IM‐based and EDP‐based decision models for the verification of the seismic collapse safety of buildings

Abstract

SummaryDecision models for the verification of seismic collapse safety of buildings are introduced. The derivations are based on the concept of the acceptable (target) annual probability of collapse, whereas the decision making involves comparisons between seismic demand and capacity, which is familiar to engineering practitioners. Seismic demand, which corresponds to the design seismic action associated with a selected return period, can be expressed either in terms of an intensity measure (IM) or an engineering demand parameter (EDP). Seismic capacity, on the other hand, is defined by dividing the near‐collapse limit‐state IM or EDP by an appropriate risk‐targeted safety factor (γim or γedp), which is the only safety factor used in the proposed decision model. Consequently, the seismic performance assessment of a building should be based on the best possible estimate.
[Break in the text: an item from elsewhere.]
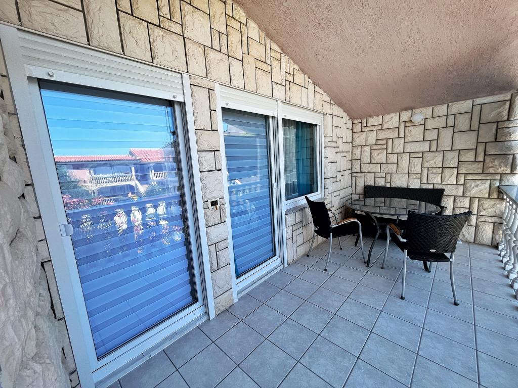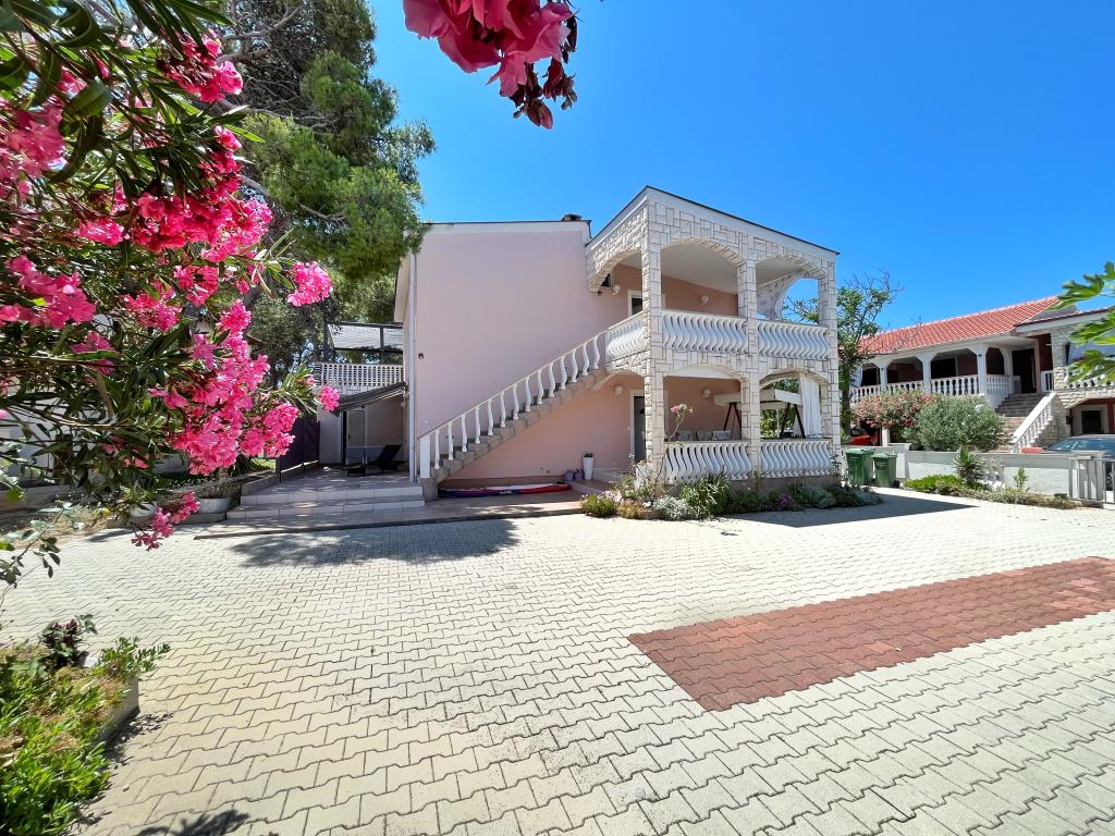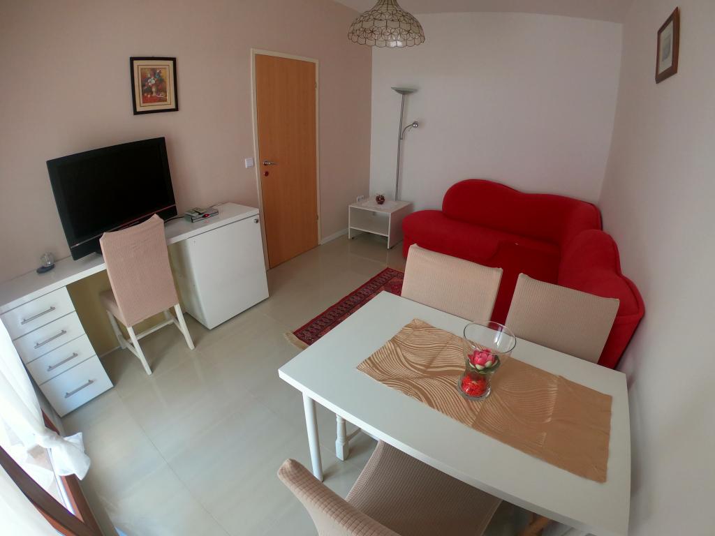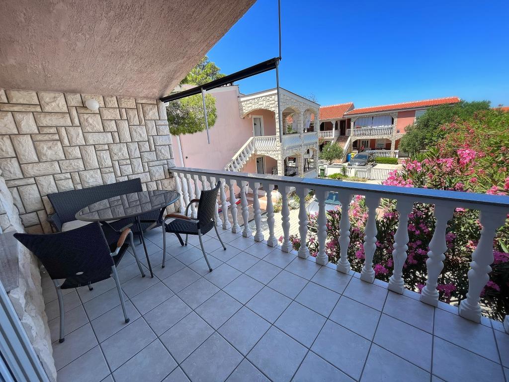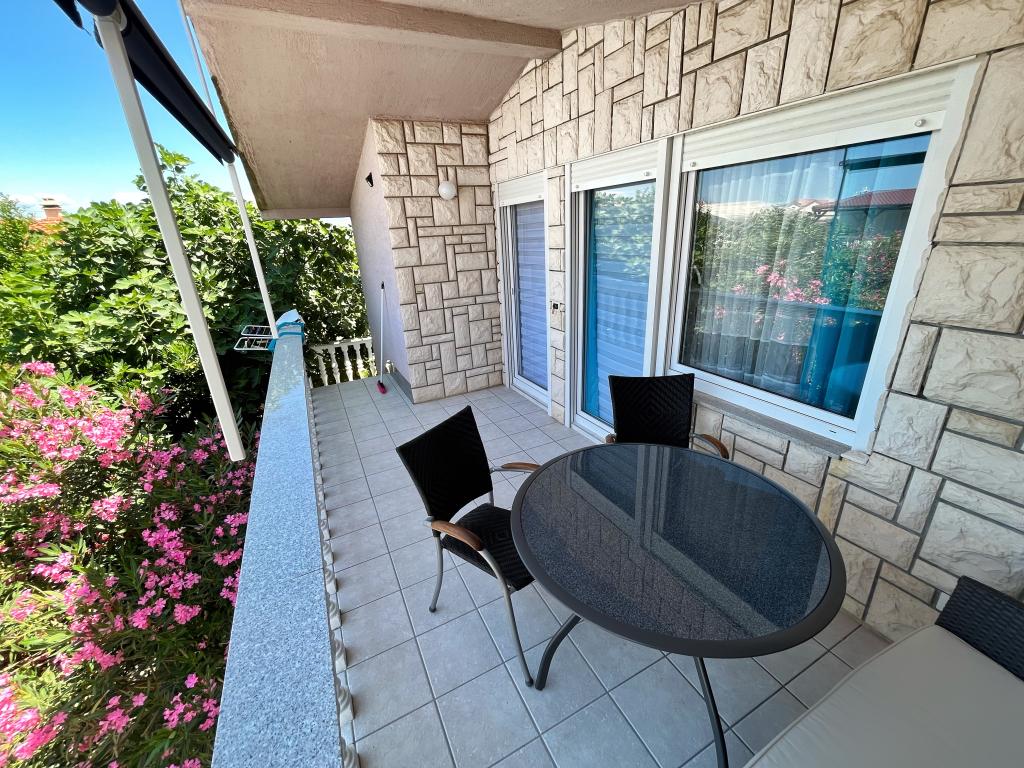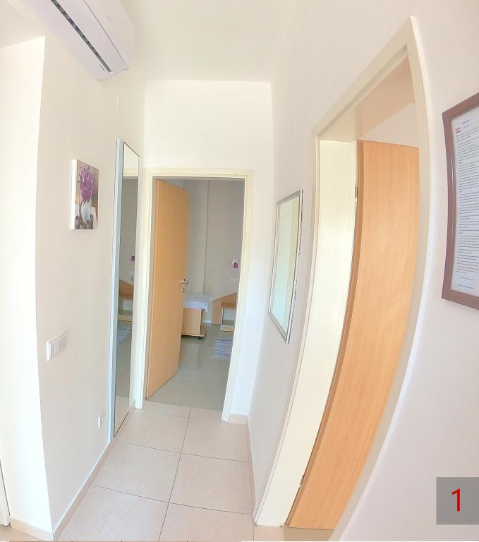 Appartement - 1 - bestaat uit twee aparte kamers, aparte keuken en badkamer. In de ene kamer staat een tweepersoonsbed, in de andere een hoekbank. Het appartement heeft een overdekt terras van 50 m2 omgeven door een dennenbos. Het grote voordeel van het appartement is de ligging aan het einde van een doodlopende, rustige en autoluwe straat, waardoor u gegarandeerd rust en privacy heeft. Een parkeerplaats is voorzien in het gebouw, evenals een grill om te barbecueën.

For a case study, it is shown that if the target collapse risk is set to 10−4 (0.5% over a period of 50 years), and if the seismic demand corresponds to a return period of 475 years (10% over a period of 50 years), then it can be demonstrated that γim is approximately equal to 2.5 for very stiff buildings, whereas for buildings with long periods the value of γim can increase up to a value of approximately 5. The model using γedp is equal to that using γim only if it can be assumed that displacements, with consideration of nonlinear behavior, are equal to displacements from linear elastic analysis.